Directions for this task: The full listing, returned exactly and free of pictures, is the expected answer.

Data section:
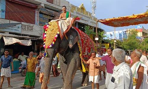 திருச்செந்தூர் முருகன் கோவிலில் ஆவணித்திருவிழா; கொடி பட்டத்துடன் வீதி உலா வந்த யானை
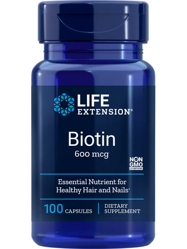 Suplement diety zawierający 600 mcg biotyny w jednej kapsułce.
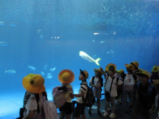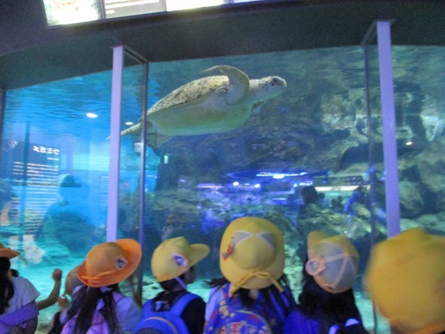 カレイやヒラメのかくれんぼ、ニモに登場する仲間たちがいる水槽、ハイギョなどの大きな魚をキラキラした目で眺めていました。
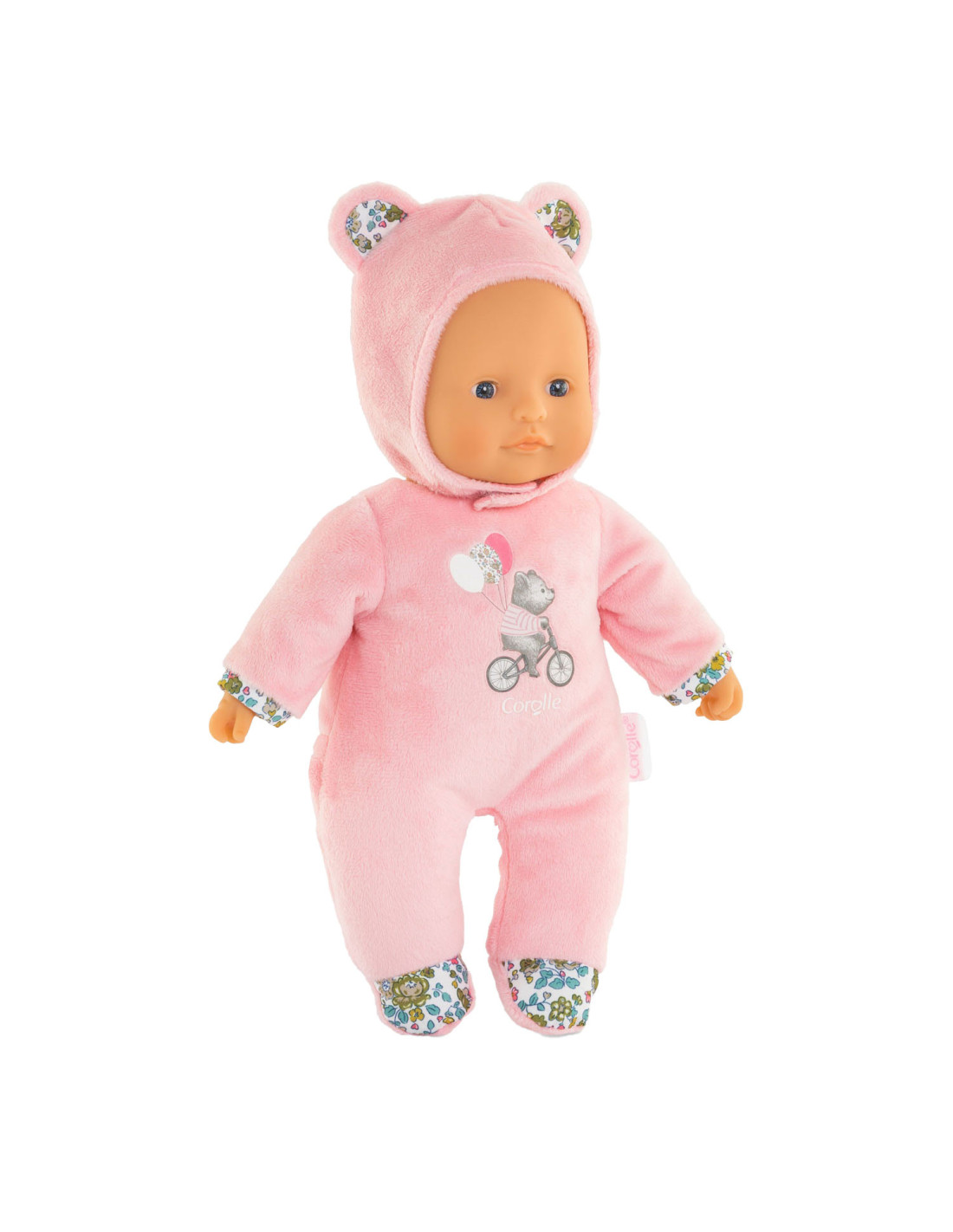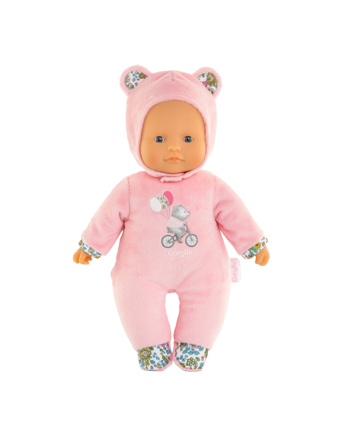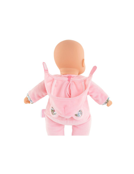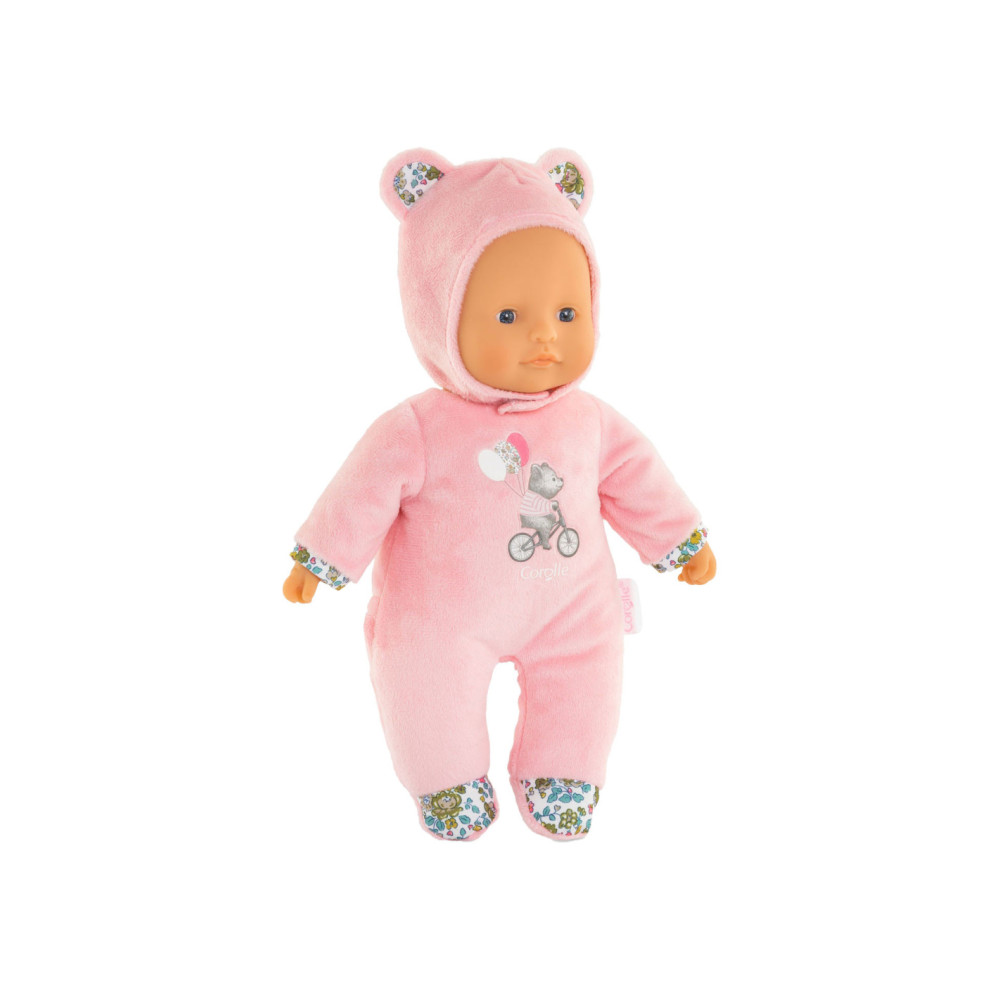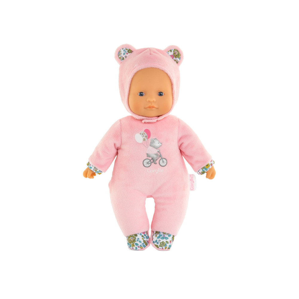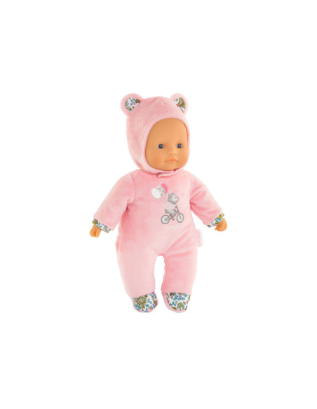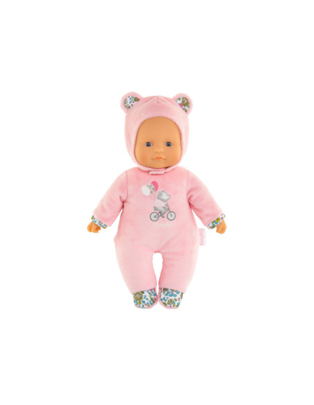 Knuffelpop van Corolle met een zachte, roze outfit met berenoortjes en een gezicht en handjes van vinyl. De pop heeft de kenmerkende Corolle vanillegeur en een label voor een naam/telefoonnummer. Geschikt voor kinderen vanaf 9 maanden oud.

Response to this exercise:
 திருச்செந்தூர் முருகன் கோவிலில் ஆவணித்திருவிழா; கொடி பட்டத்துடன் வீதி உலா வந்த யானை
 Suplement diety zawierający 600 mcg biotyny w jednej kapsułce.
 カレイやヒラメのかくれんぼ、ニモに登場する仲間たちがいる水槽、ハイギョなどの大きな魚をキラキラした目で眺めていました。
 Knuffelpop van Corolle met een zachte, roze outfit met berenoortjes en een gezicht en handjes van vinyl. De pop heeft de kenmerkende Corolle vanillegeur en een label voor een naam/telefoonnummer. Geschikt voor kinderen vanaf 9 maanden oud.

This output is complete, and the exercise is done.